Most people may not think much about cybersecurity until their identity is stolen or their computer is hacked. But large companies and governments know just how crucial it is to have the right systems in place to fend off threats every minute of every day. 

And with those digital threats only increasing and becoming more sophisticated, spending on cybersecurity is expanding. The market is expected to grow from $156 billion in 2022 to $262 billion by 2027. 

Investors who are interested in cybersecurity stocks that have the potential to continue growing right along with this market over the next decade should consider CrowdStrike (CRWD 2.03%) and Fortinet (FTNT 0.31%). Here's why.

A person holding a phone near a computer.

Image source: Getty Images.

CrowdStrike is growing like a weed

If you're unfamiliar with what CrowdStrike does, it offers cloud-based services that help customers protect their mobile devices and computers from online threats. 

In its fiscal third quarter (which ended Oct. 31), the company's sales soared by 53% year over year to $581 million, and its non-GAAP net income more than doubled to $96.1 million. But while it beat analysts' top- and bottom-line consensus estimates, investors focused instead on annual revenue guidance that was below expectations. 

That was likely a misjudgment on the market's part.

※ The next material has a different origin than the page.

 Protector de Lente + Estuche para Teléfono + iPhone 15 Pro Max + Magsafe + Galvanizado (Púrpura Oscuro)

Not only did the company's third-quarter numbers demonstrate that CrowdStrike continues to grow quickly, but it also increased its free cash flow by 41% to $174.1 million in the quarter. 

Want further proof that this cybersecurity leader is on the right track? Consider that CrowdStrike increased its total subscriptions by a whopping 44% year over year in the third quarter to 21,146. 

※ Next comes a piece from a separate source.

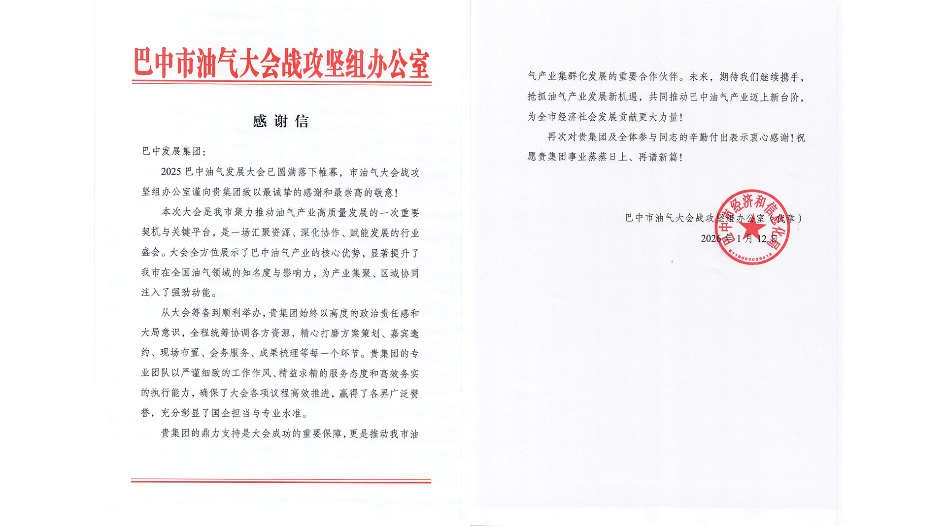 近日,巴中發(fā)展控股集團(tuán)有限公司收到來自巴中市低空經(jīng)濟(jì)發(fā)展工作專班辦公室和巴中市油氣大會(huì)戰(zhàn)攻堅(jiān)組辦公室的感謝信。信中對2025年巴中發(fā)展集團(tuán)積極支持低空經(jīng)濟(jì)產(chǎn)業(yè)和推動(dòng)油氣產(chǎn)業(yè)高質(zhì)量發(fā)展表示感謝。

And when you take a closer look at the company's customers, you'll notice that they're very loyal. CrowdStrike said that 60% of its current customers are signed up for six or more of its subscription services. 

CrowdStrike's share price isn't exactly cheap right now, trading at 12.7 times sales. But that price-to-sales ratio is far lower than the 34 it was this time last year.

Given its recent pattern of revenue growth, its loyal and growing customer base, and its ability to tap into a vast (and also growing) cybersecurity market, CrowdStrike could be a great long-term investment.

Fortinet continues its cybersecurity expansion

Fortinet is a leading cybersecurity company that has its hands in everything from physical firewalls to subscription anti-virus services. The company's mix of product offerings across both hardware and software makes it unusual in the cybersecurity space. 

In the third quarter, its revenue increased by 33% to $1.1 billion. That growth was fueled both by product revenue (up 39% to $468.7 million) and services revenue (up 28% to $680 million). And non-GAAP net income increased by 58% in the quarter to $262.7 million.

Another indicator that Fortinet's hardware and software are a winning combination is the fact that the company's total billings increased by nearly 33% in the third quarter to $1.41 billion. 

The company is also winning lots of new customers -- many of them sizeable. In Q3, the number of customers paying more than $1 million a year for Fortinet's services increased by 80% year over year to 153. 

But Fortinet's current price-to-sales ratio of 10 is far below its ratio of 18 this time last year, making it a relative bargain for investors today. 

Long-term winners with short-term volatility

You've doubtless noticed that tech stocks have been pretty volatile this year, and CrowdStrile and Fortinet haven't been immune to the market's pessimistic sentiments.

But these two companies look poised to continue growing over the next decade as they tap into the expanding cybersecurity market, and their recent financial results and customer growth rates indicate that they're on the right track.